Wednesday's announcement comes more than a week after the unprecedented deluge lashed the desert country, turning streets into rivers and hobbling Dubai airport, the world's busiest for international passengers.
"A ministerial committee was assigned to follow up on this file... and disburse compensation in cooperation with the rest of the federal and local authorities," said Sheikh Mohammed, who is also the ruler of Dubai, which was one of the worst hit of the UAE's seven sheikhdoms.
The rainfall, the UAE's heaviest since records began 75 years ago, killed at least four people, including three Filipino workers and one Emirati. UAE authorities have not released an official toll.
Cabinet ministers also formed a second committee to log infrastructure damage and propose solutions, Sheikh Mohammed said in a post on X, formerly Twitter.
"The situation was unprecedented in its severity but we are a country that learns from every experience," he said.

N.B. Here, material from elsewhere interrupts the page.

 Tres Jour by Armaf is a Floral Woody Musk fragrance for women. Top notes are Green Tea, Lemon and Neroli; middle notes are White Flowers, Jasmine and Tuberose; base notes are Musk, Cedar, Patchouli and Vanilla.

Climatologist Friederike Otto, a specialist in assessing the role of global warming on extreme weather events, told AFP it was "high likely" that the rainfall "was made heavier by human-caused climate change".
- 'Unacceptable' -
The storm first landed in Oman on April 14, where it killed at least 21 people, according to the official Oman News Agency.
It then battered the UAE, dumping up to two years' worth of rain on the federal monarchy with a 90 percent expatriate population before subsiding last Wednesday.

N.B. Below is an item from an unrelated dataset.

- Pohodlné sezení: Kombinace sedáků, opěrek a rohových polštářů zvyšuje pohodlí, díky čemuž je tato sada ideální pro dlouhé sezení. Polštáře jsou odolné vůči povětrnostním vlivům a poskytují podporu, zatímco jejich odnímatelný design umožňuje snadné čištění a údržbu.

But the glam-hub of Dubai, touted as a picture-perfect city, faced severe disruption for days later, with water-clogged roads and flooded homes.
Dubai airport cancelled 2,155 flights, diverted 115 and did not return to full capacity until Tuesday.
"We must acknowledge... that there has been an unreasonable and unacceptable deficiency and collapse in services and crisis management," prominent Emirati analyst Abdulkhaleq Abdulla said on X.
"We hope that this will not be repeated in the future," he added, in a rare public rebuke.
Dubai is now mostly back to its normal pace, with public transport fully functioning and all major roads open to traffic.
But for Matthew Faddy, a 56-year-old Brit who lives in the UAE's business hub, total recovery is still days away.
His ground-floor apartment located near a lake was flooded last week, with the water breaching a half-metre wall in his garden.
"Finally, the water has come down substantially but it (was) only really yesterday that it started to come down," he told AFP on Wednesday.
"At its worst, the water was nearly chest-high in the apartment and now, from what I can see...it's probably below the knee, at shin height," said Faddy, a music composer and sound designer.
"I think it will probably be another week before the water is gone."